## Your instructions
Retype the whole listing, please, keeping every line exact and dropping the pictures.

====================

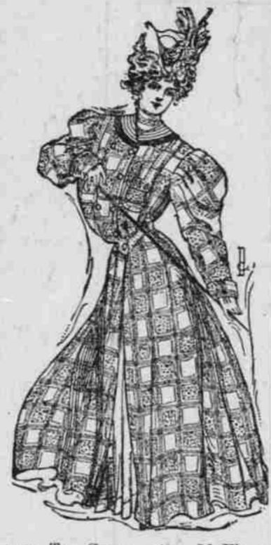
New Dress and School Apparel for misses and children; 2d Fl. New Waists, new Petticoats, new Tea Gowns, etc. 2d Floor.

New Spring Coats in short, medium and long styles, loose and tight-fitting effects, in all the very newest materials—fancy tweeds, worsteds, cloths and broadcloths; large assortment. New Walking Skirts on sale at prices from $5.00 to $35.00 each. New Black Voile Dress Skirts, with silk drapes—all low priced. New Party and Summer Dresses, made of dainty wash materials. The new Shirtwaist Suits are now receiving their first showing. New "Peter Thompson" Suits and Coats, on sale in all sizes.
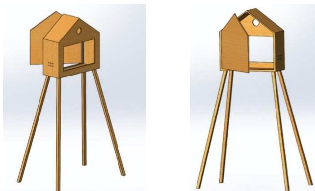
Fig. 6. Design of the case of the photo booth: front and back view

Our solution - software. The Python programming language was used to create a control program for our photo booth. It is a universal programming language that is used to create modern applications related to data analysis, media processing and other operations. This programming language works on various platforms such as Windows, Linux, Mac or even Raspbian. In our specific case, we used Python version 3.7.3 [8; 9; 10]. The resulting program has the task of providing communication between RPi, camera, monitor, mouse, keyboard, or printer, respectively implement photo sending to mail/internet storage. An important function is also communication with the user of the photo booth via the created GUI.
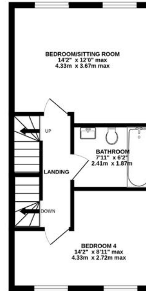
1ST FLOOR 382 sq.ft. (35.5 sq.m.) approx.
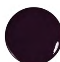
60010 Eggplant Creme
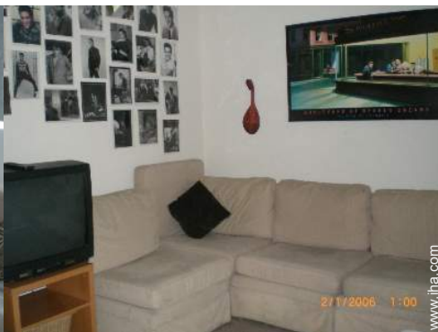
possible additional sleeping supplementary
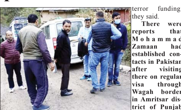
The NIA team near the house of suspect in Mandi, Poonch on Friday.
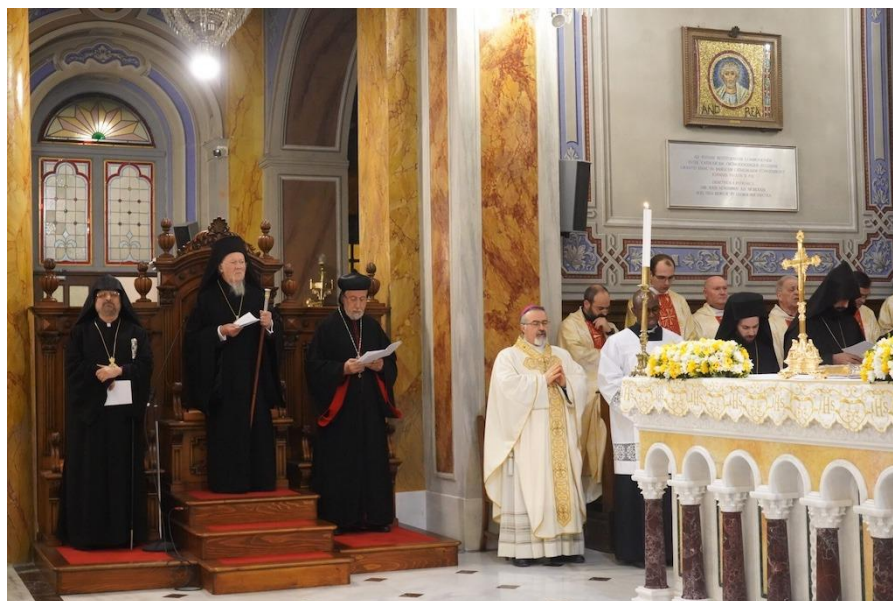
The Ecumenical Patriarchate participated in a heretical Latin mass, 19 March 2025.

====================

## Result for this exercise
New Dress and School Apparel for misses and children; 2d Fl. New Waists, new Petticoats, new Tea Gowns, etc. 2d Floor.

New Spring Coats in short, medium and long styles, loose and tight-fitting effects, in all the very newest materials—fancy tweeds, worsteds, cloths and broadcloths; large assortment. New Walking Skirts on sale at prices from $5.00 to $35.00 each. New Black Voile Dress Skirts, with silk drapes—all low priced. New Party and Summer Dresses, made of dainty wash materials. The new Shirtwaist Suits are now receiving their first showing. New "Peter Thompson" Suits and Coats, on sale in all sizes.
Fig. 6. Design of the case of the photo booth: front and back view

Our solution - software. The Python programming language was used to create a control program for our photo booth. It is a universal programming language that is used to create modern applications related to data analysis, media processing and other operations. This programming language works on various platforms such as Windows, Linux, Mac or even Raspbian. In our specific case, we used Python version 3.7.3 [8; 9; 10]. The resulting program has the task of providing communication between RPi, camera, monitor, mouse, keyboard, or printer, respectively implement photo sending to mail/internet storage. An important function is also communication with the user of the photo booth via the created GUI.
1ST FLOOR 382 sq.ft. (35.5 sq.m.) approx.
60010 Eggplant Creme
possible additional sleeping supplementary
The NIA team near the house of suspect in Mandi, Poonch on Friday.
The Ecumenical Patriarchate participated in a heretical Latin mass, 19 March 2025.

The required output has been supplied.